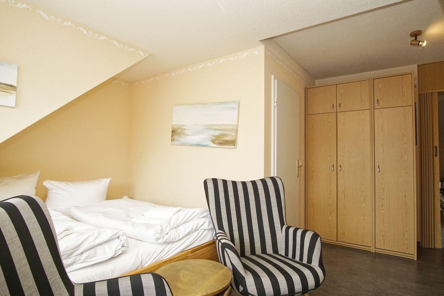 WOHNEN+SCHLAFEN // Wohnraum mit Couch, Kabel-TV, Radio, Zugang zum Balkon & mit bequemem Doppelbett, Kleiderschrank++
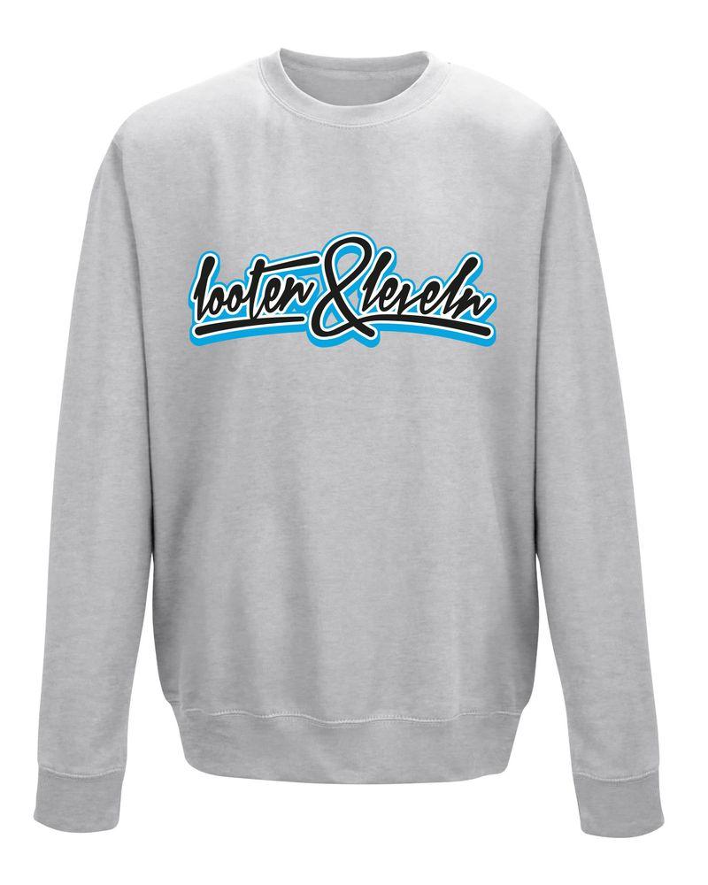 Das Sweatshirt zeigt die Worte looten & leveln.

☆ ☆ ☆

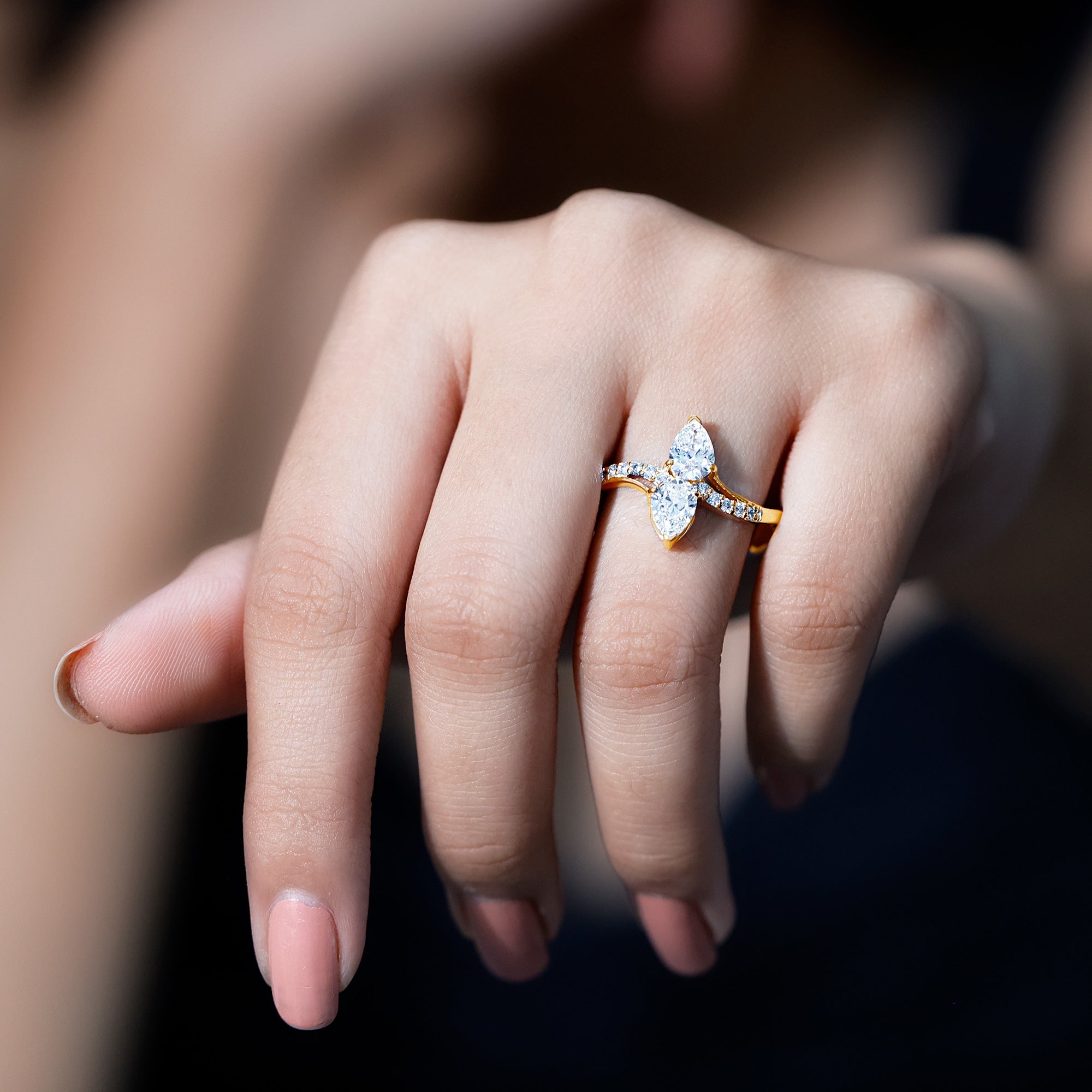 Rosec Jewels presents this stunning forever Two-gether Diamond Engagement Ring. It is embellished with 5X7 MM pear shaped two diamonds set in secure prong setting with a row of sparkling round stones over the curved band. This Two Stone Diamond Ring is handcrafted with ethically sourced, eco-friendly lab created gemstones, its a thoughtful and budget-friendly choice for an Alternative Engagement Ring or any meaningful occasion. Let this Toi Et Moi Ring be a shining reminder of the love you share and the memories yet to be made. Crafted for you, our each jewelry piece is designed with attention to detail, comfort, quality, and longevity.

☆ ☆ ☆

- Work task -
Return word for word the lines of the listing above, starting at the line with "WOHNEN+SCHLAFEN // Wohnraum" and ending at the line with "Das Sweatshirt zeigt", both included. Pictures do not belong in the copy.

- Task answer -
 WOHNEN+SCHLAFEN // Wohnraum mit Couch, Kabel-TV, Radio, Zugang zum Balkon & mit bequemem Doppelbett, Kleiderschrank++
 Das Sweatshirt zeigt die Worte looten & leveln.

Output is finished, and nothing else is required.